## LISTED ENTRIES
= = = = = = =

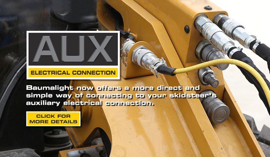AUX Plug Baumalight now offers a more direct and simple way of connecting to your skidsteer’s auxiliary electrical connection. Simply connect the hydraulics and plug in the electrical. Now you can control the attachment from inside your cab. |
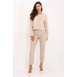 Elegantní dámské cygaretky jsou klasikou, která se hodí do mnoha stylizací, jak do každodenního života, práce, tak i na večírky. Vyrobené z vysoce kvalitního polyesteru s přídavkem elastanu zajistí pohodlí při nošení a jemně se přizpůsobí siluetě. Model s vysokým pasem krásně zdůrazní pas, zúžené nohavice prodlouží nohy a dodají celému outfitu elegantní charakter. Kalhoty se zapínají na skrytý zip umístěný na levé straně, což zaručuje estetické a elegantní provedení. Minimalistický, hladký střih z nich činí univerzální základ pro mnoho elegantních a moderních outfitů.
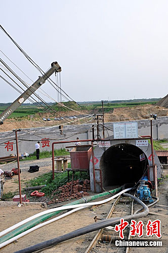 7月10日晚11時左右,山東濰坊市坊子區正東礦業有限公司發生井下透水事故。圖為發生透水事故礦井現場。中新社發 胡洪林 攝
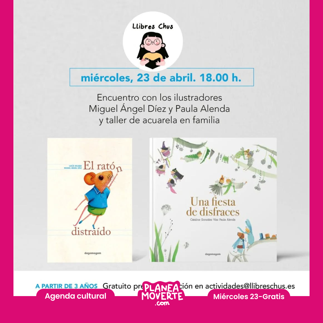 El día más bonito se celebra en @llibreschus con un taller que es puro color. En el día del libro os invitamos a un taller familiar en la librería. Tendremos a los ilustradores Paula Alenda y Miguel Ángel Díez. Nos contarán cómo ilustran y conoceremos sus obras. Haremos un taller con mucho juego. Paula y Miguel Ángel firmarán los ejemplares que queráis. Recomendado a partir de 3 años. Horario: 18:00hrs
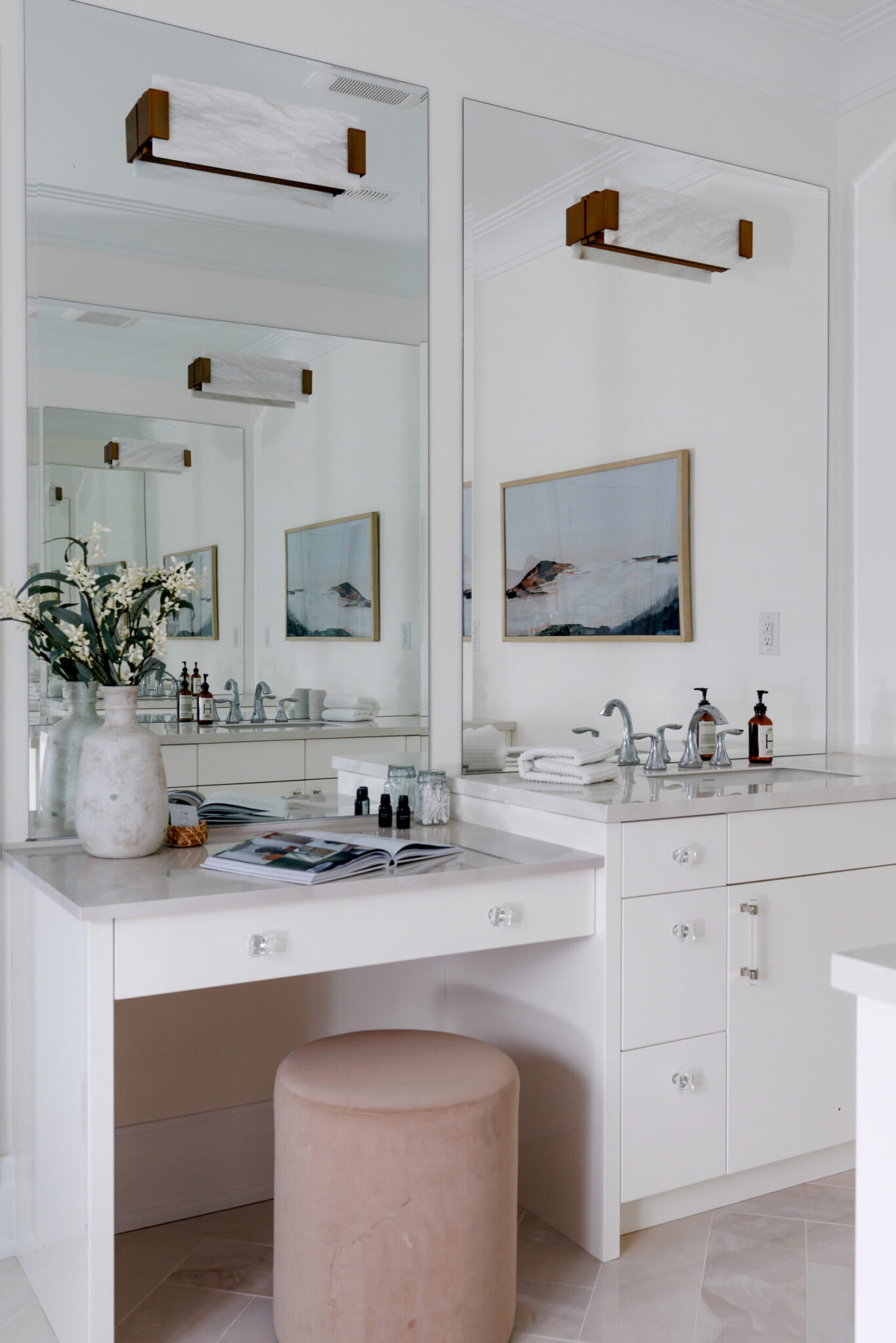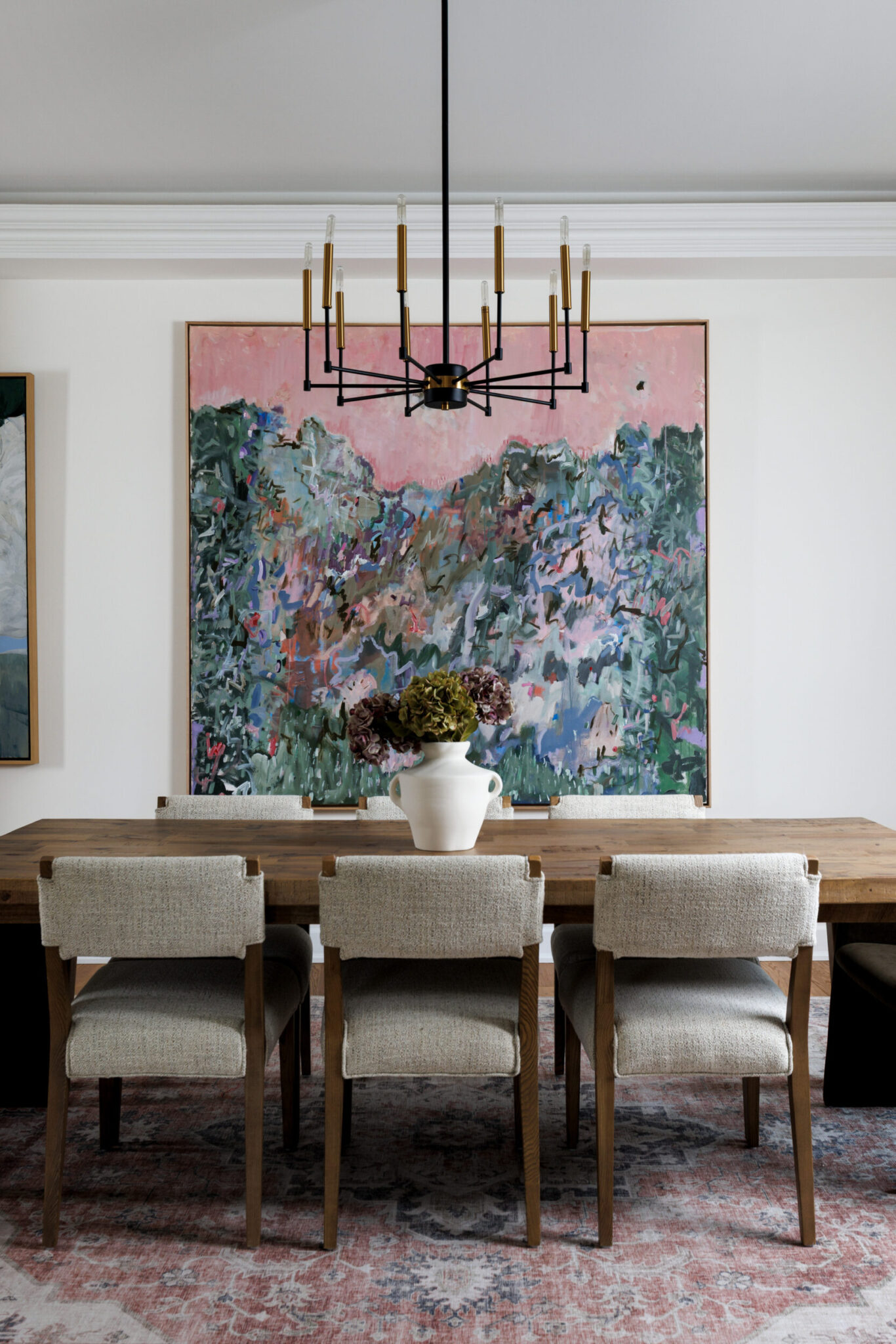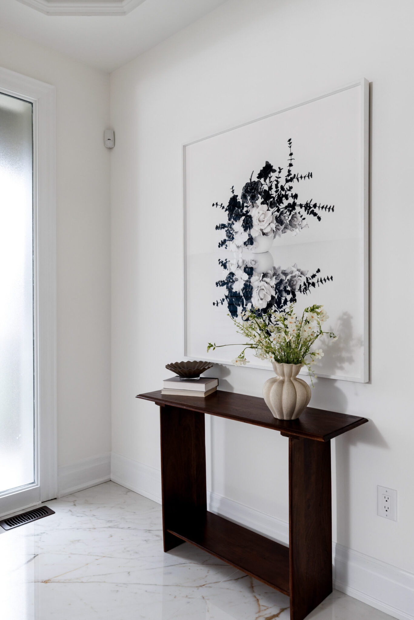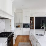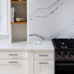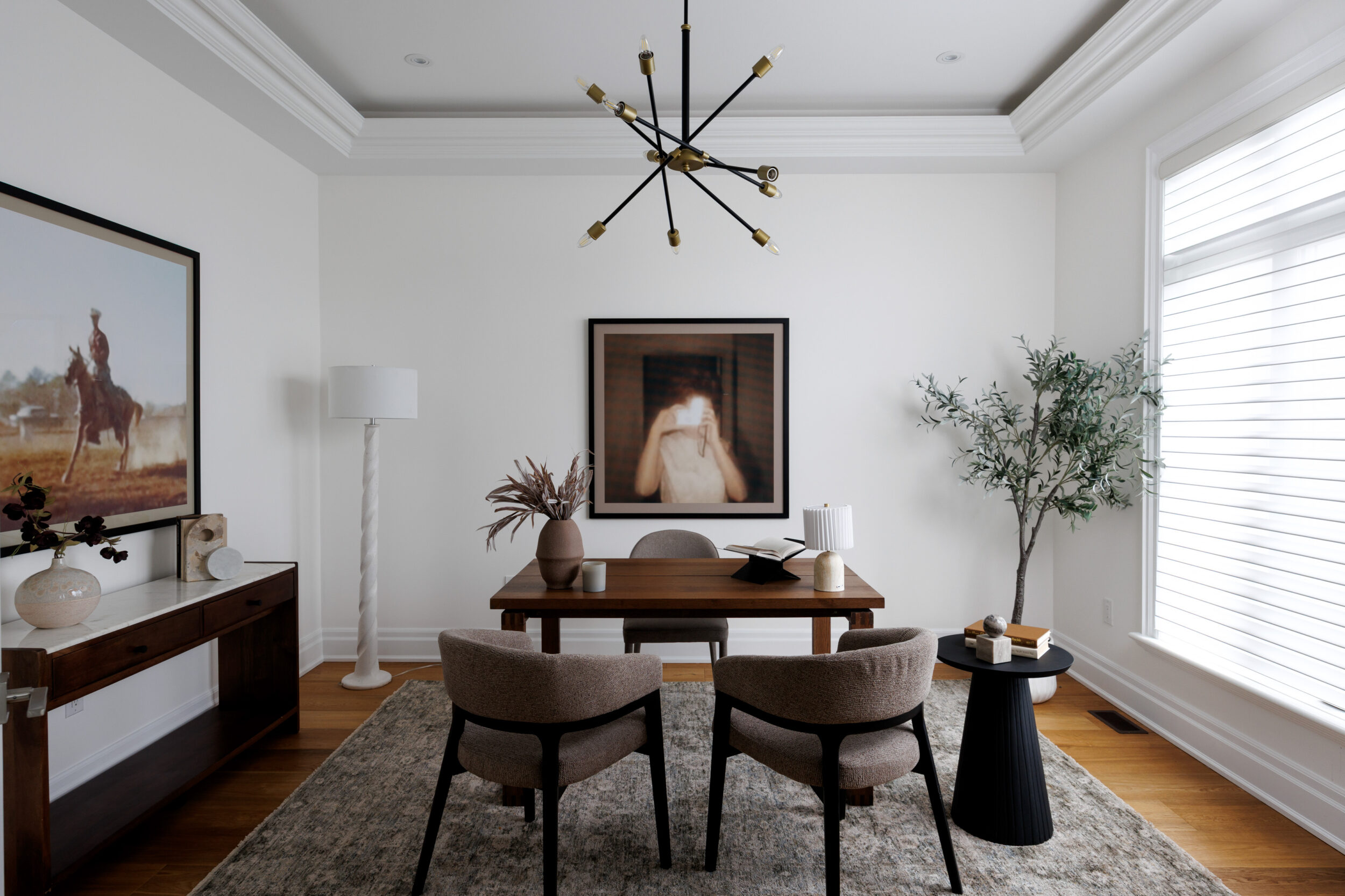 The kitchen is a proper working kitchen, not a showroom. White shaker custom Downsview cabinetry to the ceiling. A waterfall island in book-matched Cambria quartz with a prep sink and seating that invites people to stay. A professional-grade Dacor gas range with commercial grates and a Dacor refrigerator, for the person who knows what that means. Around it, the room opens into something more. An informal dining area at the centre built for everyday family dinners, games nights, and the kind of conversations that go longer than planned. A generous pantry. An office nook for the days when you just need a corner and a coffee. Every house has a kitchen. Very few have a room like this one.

= = = = = = =

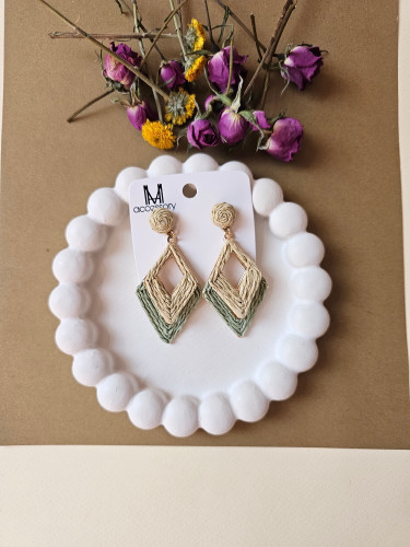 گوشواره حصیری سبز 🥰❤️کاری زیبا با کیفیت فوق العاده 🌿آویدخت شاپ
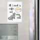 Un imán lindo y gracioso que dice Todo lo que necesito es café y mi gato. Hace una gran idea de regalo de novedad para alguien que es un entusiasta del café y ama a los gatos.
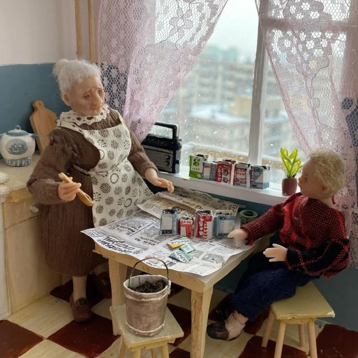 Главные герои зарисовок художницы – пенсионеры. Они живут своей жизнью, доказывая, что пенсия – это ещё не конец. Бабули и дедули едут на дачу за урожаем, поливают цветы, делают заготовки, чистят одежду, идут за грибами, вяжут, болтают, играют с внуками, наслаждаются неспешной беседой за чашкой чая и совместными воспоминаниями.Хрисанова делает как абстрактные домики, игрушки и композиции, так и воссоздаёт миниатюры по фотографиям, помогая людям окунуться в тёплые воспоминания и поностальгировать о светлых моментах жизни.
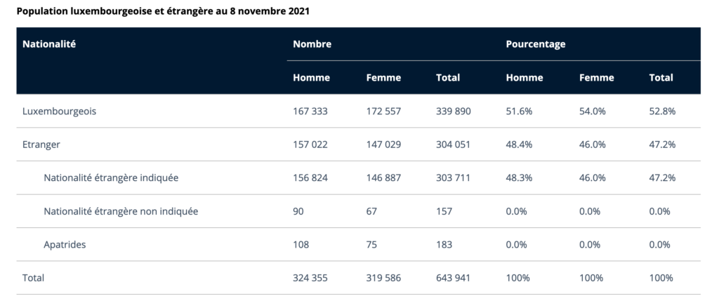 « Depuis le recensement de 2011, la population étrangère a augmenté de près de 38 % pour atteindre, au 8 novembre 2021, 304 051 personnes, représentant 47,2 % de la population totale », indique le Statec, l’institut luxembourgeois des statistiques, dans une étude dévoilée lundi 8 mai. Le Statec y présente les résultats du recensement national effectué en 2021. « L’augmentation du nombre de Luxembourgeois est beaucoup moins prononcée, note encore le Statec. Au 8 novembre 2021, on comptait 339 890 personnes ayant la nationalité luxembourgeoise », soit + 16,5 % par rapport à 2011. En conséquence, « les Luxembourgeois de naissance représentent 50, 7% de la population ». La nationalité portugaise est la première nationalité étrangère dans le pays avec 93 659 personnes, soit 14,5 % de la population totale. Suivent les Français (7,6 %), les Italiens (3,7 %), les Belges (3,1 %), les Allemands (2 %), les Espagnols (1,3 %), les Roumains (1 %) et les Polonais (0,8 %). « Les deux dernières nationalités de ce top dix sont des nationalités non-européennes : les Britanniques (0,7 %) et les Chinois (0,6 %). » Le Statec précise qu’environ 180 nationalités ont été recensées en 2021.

= = = = = = =

## PROBLEM TO SOLVE
Copy nothing but the lines above that run from the one with "AUX Plug Baumalight" to the one with "7月10日晚11時左右,山東濰坊市坊子區正東礦業有限公司發生井下透水事故。圖為發生透水事故礦井現場。中新社發 胡洪林 攝", ends included; pictures stay out.

## OUTPUT OF THE EXERCISE
AUX Plug Baumalight now offers a more direct and simple way of connecting to your skidsteer’s auxiliary electrical connection. Simply connect the hydraulics and plug in the electrical. Now you can control the attachment from inside your cab. |
 Elegantní dámské cygaretky jsou klasikou, která se hodí do mnoha stylizací, jak do každodenního života, práce, tak i na večírky. Vyrobené z vysoce kvalitního polyesteru s přídavkem elastanu zajistí pohodlí při nošení a jemně se přizpůsobí siluetě. Model s vysokým pasem krásně zdůrazní pas, zúžené nohavice prodlouží nohy a dodají celému outfitu elegantní charakter. Kalhoty se zapínají na skrytý zip umístěný na levé straně, což zaručuje estetické a elegantní provedení. Minimalistický, hladký střih z nich činí univerzální základ pro mnoho elegantních a moderních outfitů.
 7月10日晚11時左右,山東濰坊市坊子區正東礦業有限公司發生井下透水事故。圖為發生透水事故礦井現場。中新社發 胡洪林 攝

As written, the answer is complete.